I have a 722k and want to add an used 211 in the basement. I got the 211 from the yard sale and is not activated. I suppose that I can connect the 211 directly to the LNB, right? The 211 has a OTA port too, how does it work? And how to activate the 211? How much more I need to pay to have 2nd receiver? Thanks.


----------



## some guy (Oct 27, 2012)

sb43201;3184888 said:


> I have a 722k and want to add an used 211 in the basement. I got the 211 from the yard sale and is not activated. I suppose that I can connect the 211 directly to the LNB, right? The 211 has a OTA port too, how does it work? And how to activate the 211? How much more I need to pay to have 2nd receiver? Thanks.


$7 per month

Yes you can connect directly to the dish if you have a free port

Connect an ota antenna to the ota antenna jack on the 211 and scan for locals

Call dish to activate


----------



## boba (May 23, 2003)

After you have it connected to the dish, call DISH and give them the S# and R# so they can address the receiver. Cost of additional 211 is $7/mo.


----------



## P Smith (Jul 25, 2002)

sb43201 said:


> I have a 722k and want to add an used 211 in the basement. I got the 211 from the yard sale and is not activated. I suppose that I can connect the 211 directly to the LNB, right? The 211 has a OTA port too, how does it work? And how to activate the 211? How much more I need to pay to have 2nd receiver? Thanks.

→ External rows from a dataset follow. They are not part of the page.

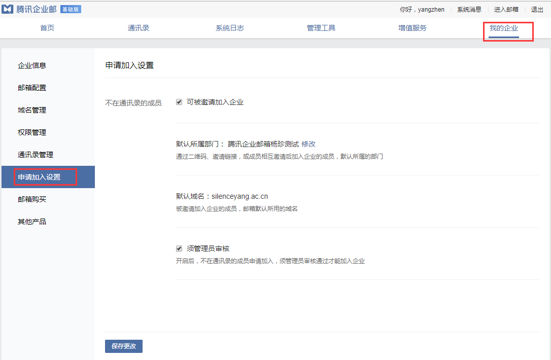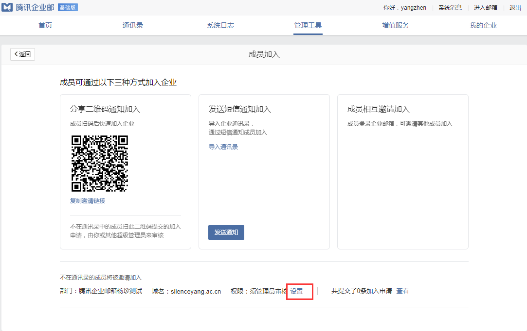 此外,可以设置加入申请是否须管理员审核, 以及被邀请加入的成员默认所属部门、所使用的邮箱域名。
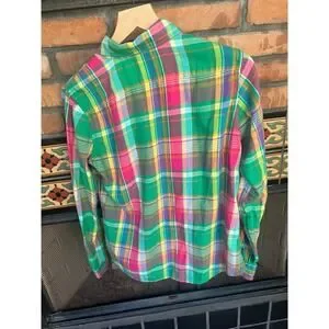 Ralph Lauren Tomboy Preppy Plaid Button Up Lite Flannel 10 Pink Green
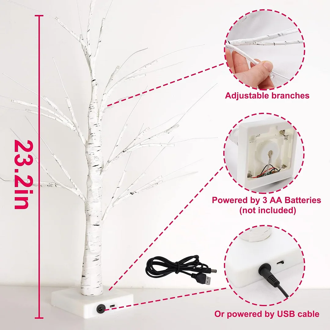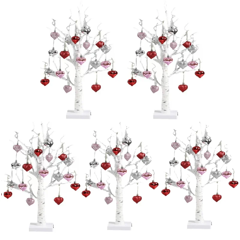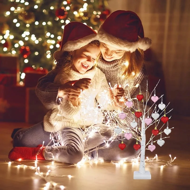 Aesthetic Lighted Birch Tree with 18 Heart Ornaments – 2ft Warm White LED Table Lamp for Hygge Home Decor (USB/Battery)
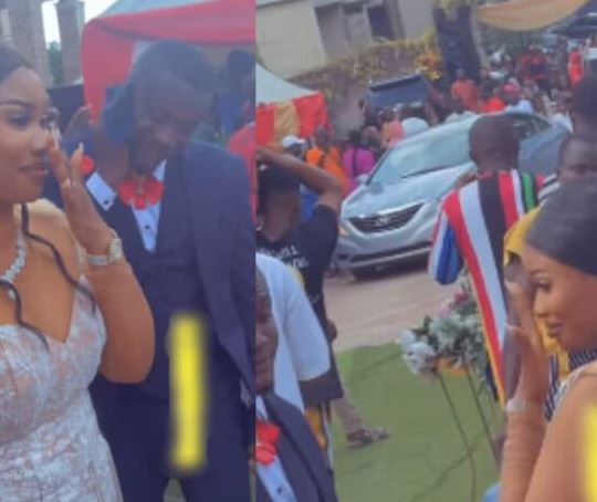The lady wasn’t informed about the car gift, as she watched with an expression of unbelief when the car was driven into the wedding location.
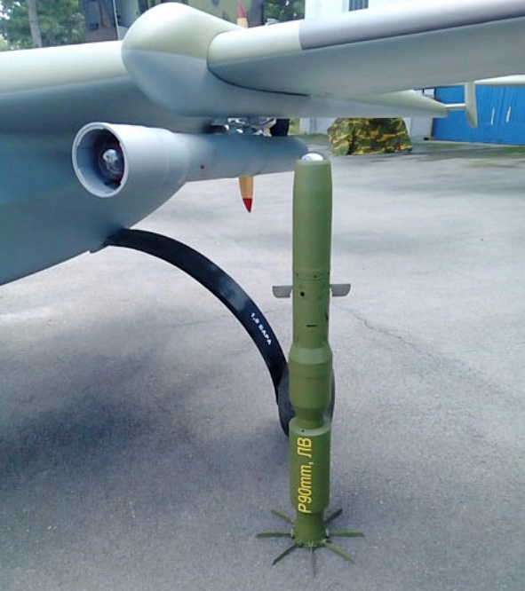 Close-up view of the PEGASUS UAV’s underwing hardpoint fitted with a 90mm Serbian rocket launcher – Cyberspec1 via X
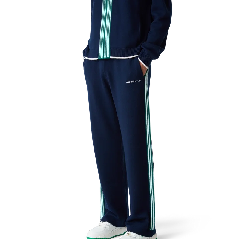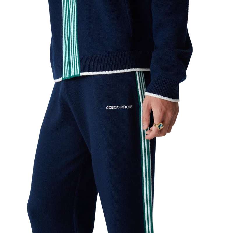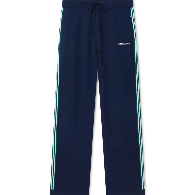 I pantaloni da tennis in maglia presentano un design ispirato all’abbigliamento sportivo, realizzati in tessuto di lana merino. Rifiniti con bordi a costine a contrasto su polsini, orlo, colletto e abbottonatura, chiusura frontale con zip, colletto a imbuto e logo Casablanca.
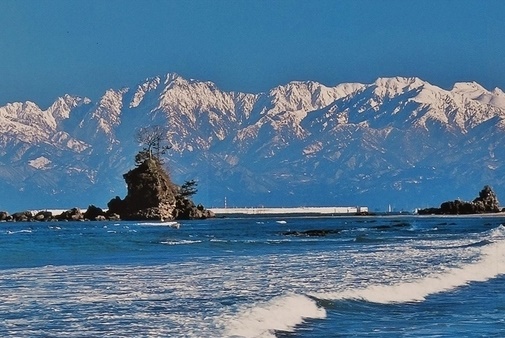 福光へしりとり遊び盛り上がる 晴れた日の立山連峰(氷見市から)
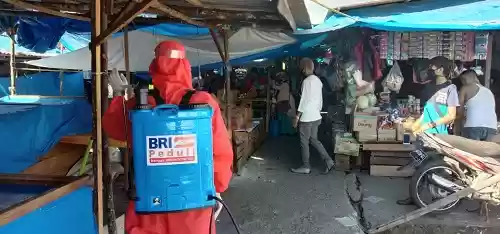 Trantib Disperindag Inhil rutin melakukan penyemprotan desinfektan di semua pasar tradisional di ibukota kabupaten itu. Tak lupa, warga juga terus diimbau untuk mematuhi protokol kesehatan Covid-19.
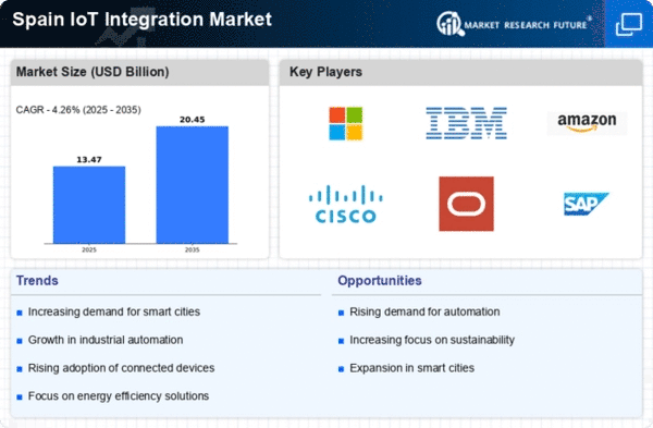 The advent of Industry 4.0 is significantly influencing the iot integration market in Spain. This paradigm shift towards smart manufacturing and interconnected systems is prompting companies to adopt IoT solutions to remain competitive. The integration of IoT technologies enables real-time monitoring, predictive maintenance, and enhanced supply chain management. Recent studies suggest that the adoption of Industry 4.0 practices could increase productivity by up to 30% in manufacturing sectors. Consequently, the iot integration market is poised for substantial growth as businesses invest in advanced technologies to optimize their operations and drive innovation.
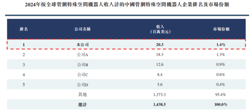 2024年中國管網特殊空間機器人企業在全球的排名及市場份額,來源:招股書
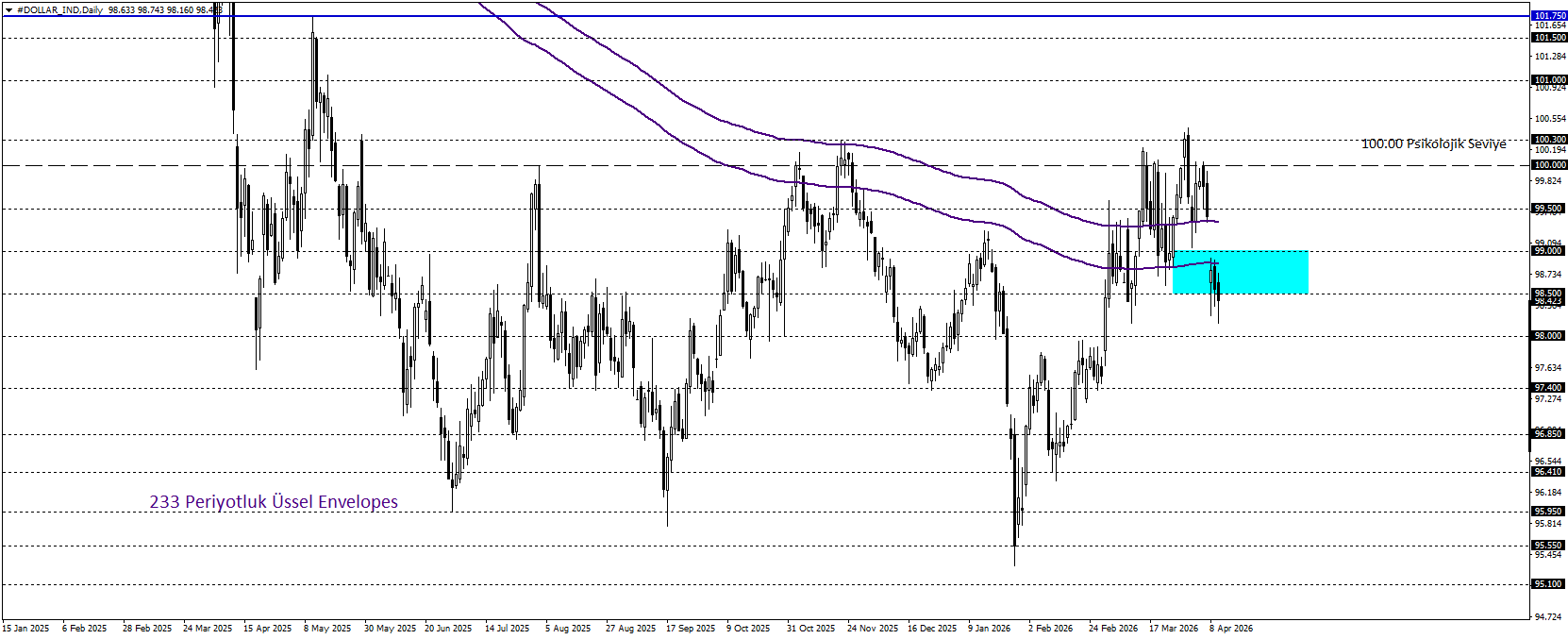 Klasik Dolar Endeksi son dönemde 98,40 civarında zayıf bir görünüm sergiliyor. Endeksin Envelopes göstergesinin de desteklediği 99,00 – 98,50 aralığının altında kalması, fiyatların 96,85 seviyesine doğru gerileyebileceği riskini gündemde tutuyor. Ancak bu bölgenin aşılması halinde endeksin güç kazanarak toparlanması ve 101 seviyesine yönelmesi de mümkün görünüyor; bu nedenle kısa vadeli eğilim açısından söz konusu seviyeler kritik önem taşıyor.

- you can connect coaxes from LNBF and OTA
- call CSR
- $7

cross your fingers, the box could have a balance or stolen


----------



## Grandude (Oct 21, 2004)

If you get it successfully installed and activated you can also make it into a DVR (of sorts) by adding an external hard drive.


----------



## P Smith (Jul 25, 2002)

Grandude said:


> If you get it successfully installed and activated you can also make it into a DVR (of sorts) by adding an external hard drive.


it will cost you one time fee $40 and you must supply your own HDD (up to 2 TB) and USB 2.0 enclosure.


----------



## Rduce (May 16, 2008)

If you have the wiring already in place the entire process of attaching it and calling it should not take much more than a 30 to 45 minutes. Pretty painless, unless you get a CSR that does not understand you and tried to schedule an appointment, as I had once. She kept insisting that I needed to have a tech come out to run the wire and setup the receiver. I finally had to ask for someone that understood ME!


----------



## Ray [email protected] Network (Dec 28, 2010)

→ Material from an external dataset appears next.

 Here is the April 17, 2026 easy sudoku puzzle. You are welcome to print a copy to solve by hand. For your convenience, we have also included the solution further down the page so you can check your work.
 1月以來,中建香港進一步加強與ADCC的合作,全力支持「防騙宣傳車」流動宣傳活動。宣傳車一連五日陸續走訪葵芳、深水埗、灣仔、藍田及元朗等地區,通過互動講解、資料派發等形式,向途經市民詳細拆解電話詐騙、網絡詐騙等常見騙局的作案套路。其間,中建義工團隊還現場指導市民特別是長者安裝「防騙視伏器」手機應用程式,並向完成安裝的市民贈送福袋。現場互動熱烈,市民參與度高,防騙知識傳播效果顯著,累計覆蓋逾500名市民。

I can check the availability of the receiver to add to your account. Please PM the receiver number to me if you would like me to check. As mentioned in a later post, if there is a balance or if the receiver was leased, you won't be able to add this receiver to your account. Please let me know. Thanks.



sb43201 said:


> I have a 722k and want to add an used 211 in the basement. I got the 211 from the yard sale and is not activated. I suppose that I can connect the 211 directly to the LNB, right? The 211 has a OTA port too, how does it work? And how to activate the 211? How much more I need to pay to have 2nd receiver? Thanks.


----------